FROM RIGHTS TO ENTERPRISE : THE STORY OF AMA SANGATHAN
Ama Sangathan began as a movement of tribal women and tribal people in general to protect their rights and their natural ecosystem, two entities that perhaps go hand in hand for most tribal and ‘ecosystem’ people. In the early nineties, Ama Sangathan began a network with other tribal women’s organisations in districts like Kalahandi, Malkangiri, Koraput, Nawrangpur, Keonjhar, and Mayurbhanj. In this, they were supported by grassroots based organisations like Agragamee.
In 1993, Ama Sangathan petitioned the Chief Minister to address issues of exploitation and rights of tribal communities in different parts of the state. A major issue was that of rights over minor forest produce. Lead by the women’s group, Mandibisi Mahila Mandal, women in Kashipur had been trying to check the cheating and exploitation by middle-men in the area of minor forest produce. The government policy denied any benefit to tribal gatherers of minor forest produce by giving monopoly rights to traders, and government corporations like the TDCC to buy and sell minor forest produce.
As women complained about the issue, the Chief Minister agreed that women could buy and sell MFP in tribal areas if they registered as a Mahila Mandal. But, this did not solve the problem, as the forest department was loathe to grant any rights to tribals or women’s groups for that matter on this issue.
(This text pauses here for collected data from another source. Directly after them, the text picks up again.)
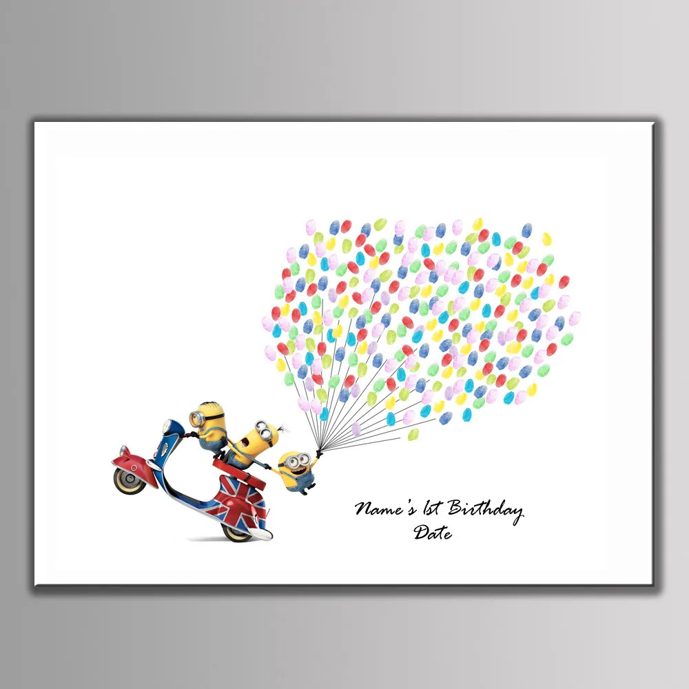 Customized Cartoon Baby Picture Shower Birthday Guest Book Fingerprints Tree Canvas Painting Children Communion Party Souvenir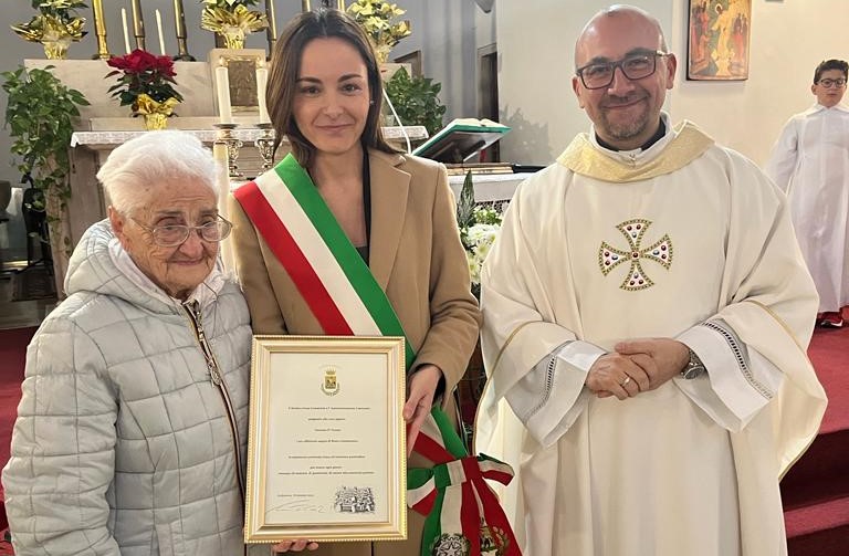 L’Amministrazione comunale, facendosi tramite di un affetto profondo e collettivo, ha voluto donarle una pergamena, segno della riconoscenza dell’intera città di Giulianova. Attorno a lei, l’affetto dei bambini, delle famiglie e del parroco don Enzo Manes.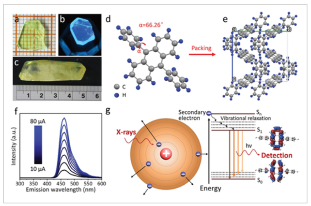图1:9,10-DPA单晶及其辐射发光特性。a,b)9,10-DPA单晶在环境光和X射线照射下的照片。c)环境光下厘米级9,10-DPA单晶的照片。d)9,10-DPA分子和e)晶体堆积结构。f)在50 kV电压和不同电流下X射线激发下9,10-DPA单晶的归一化辐射发光强度。g)X射线照射下9,10-DPA单晶的理论建模机制示意图。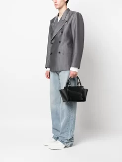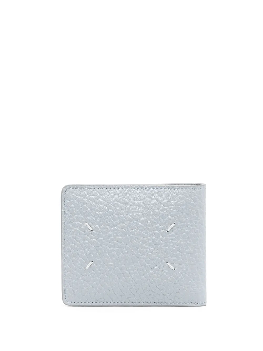Azul Alicia, piel de becerro, textura granulada, detalle de costura del logo, diseño plegable, compartimento para billetes, compartimentos internos para tarjetas y sello del logo en el interior.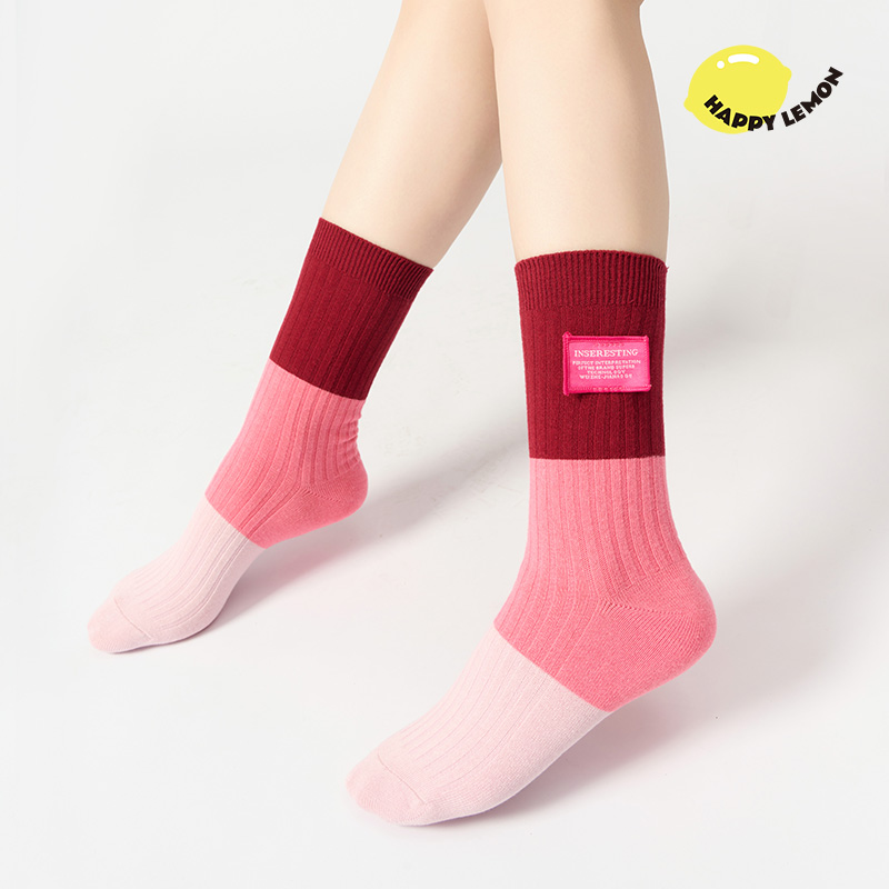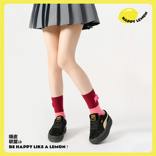 HAPPYLEMON袜子女中筒袜春秋ins潮外穿可爱字母条纹秋冬款 长棉袜
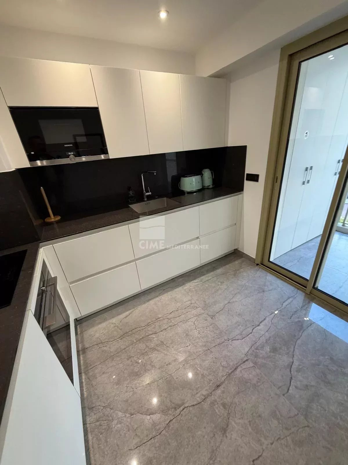 La terrasse plein sud d’environ 10 m² permet de profiter pleinement de la vue mer panoramique.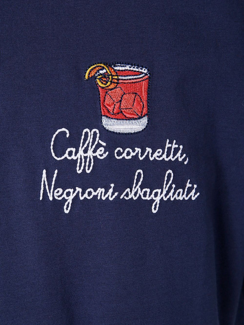 - Modello: T-shirt in cotone con ricamo “Caffè corretti, Negroni sbagliati”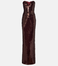 The New Arrivals Ilkyaz Ozel is known for striking silhouettes and refined details – designed to turn heads at any event. The Azzurra gown is fully sequined and features a built-in corset for a flattering fit. Product Details - Material: 100% polyester - Care instructions: dry clean - Made in Turkey - Designer color name: Burgundy - Item color: burgundy - Closure: zipped back - Built-in bustier - Long vent - Item number: P01060469 Size & Fit - True to size - Strapless - Internal boned corset for support - Fitted - Non-stretchy fabric - slit length 51cm-20" - The model seen in the picture is 178cm-5'10" and wearing a size FR 36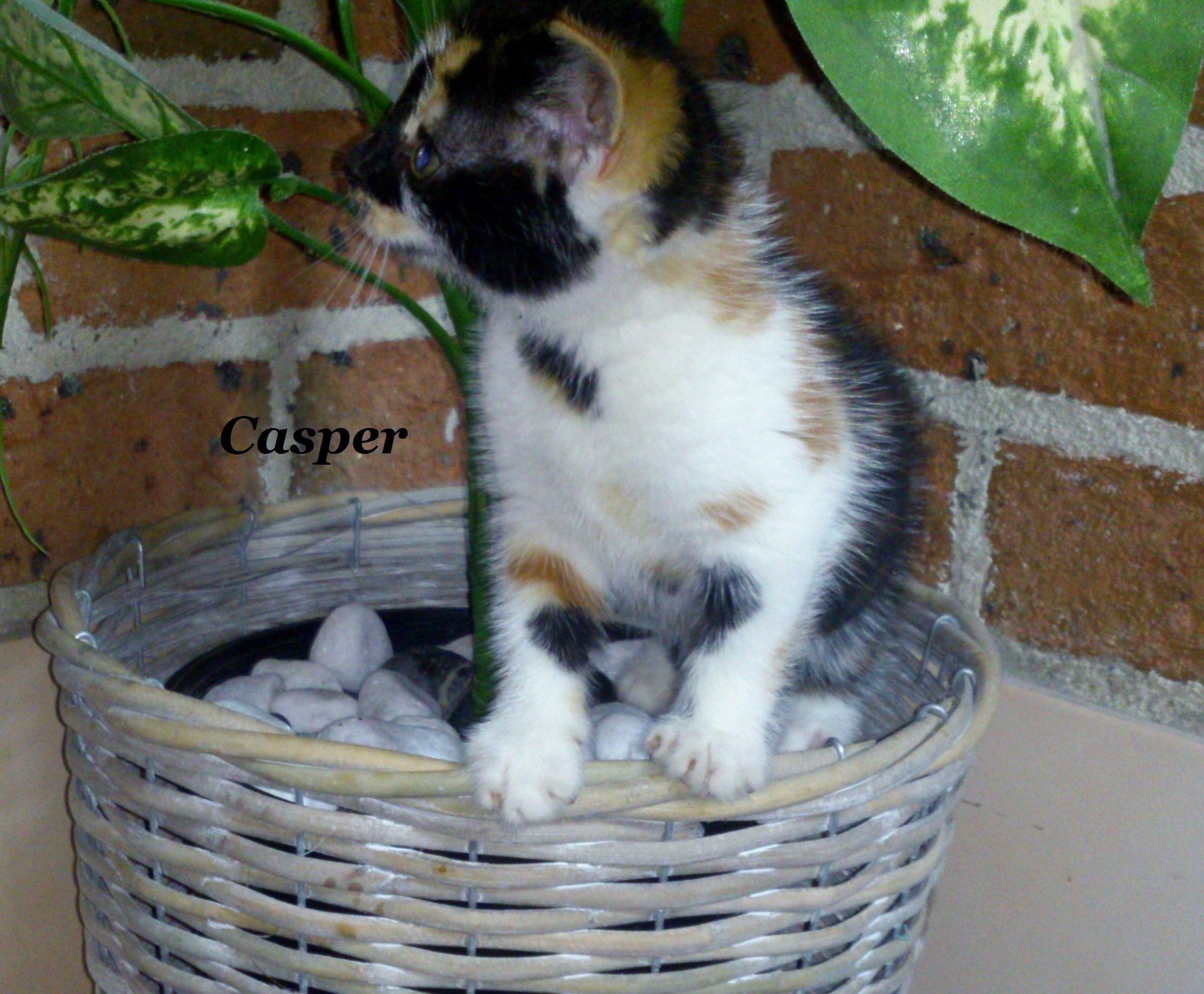 Casper was abandoned when their owner moved house, she is a healthy little girl and is a good eater. Casper gives her brothers a good workout chasing and playing with them.

A long and bitter struggle ensued, lead by the women of Mandibisi. During this time, the stock of brooms collected by the Mandibisi Mahila Mandal was seized by the forest department, women were booked in false cases, and had to run from pillar to post, facing trials and court cases, and the entire nation woke upto the fact of dreadful exploitation that underlies the trade in Minfor forest Produce. Finally, in 2000, the Government of Orissa, realised that tribal people deserved a better deal than being pawns in the hands of profit minded business interests, and changed the MFP policy, giving the rights over minor forest produce to the Panchayats in the Scheduled V areas.
The movement linked together women and women’s groups from many villages in the remote Tahsil of Kashipur in the fifth Schedule District of Rayagada and Orissa, and decided to go in for a formal identity by registering under the Societies Act of 1860. Rising upto the occasion, it also took up the challenge of processing and marketing agricultural and minor forest produce from the tribal regions, and became the first tribal women’s enterprise to take up such efforts in Orissa.
A follow up to its efforts at changing the MFP policy this micro-enterprise had manifold impact breaking the monopoly of the local middlemen over trade in the area, as also in increasing the bargaining power of the tribal community in selling its products. Prices of the items marketed by Ama Sangathan went up by 300% and for the first time in the region, tribal women were able to handle machinery with confidence, and enter into the value-addition chain, creating local employment, and helping wage earners find an alternative to the landlords and contractors. Ama Sangathan sells its products to different states, including Andhra Pradesh, Chhatisgarh, and Tamil Nadu, and has been recognised far and wide for its pioneering work in taking advocacy efforts forward to mean enterprise and profits to its members.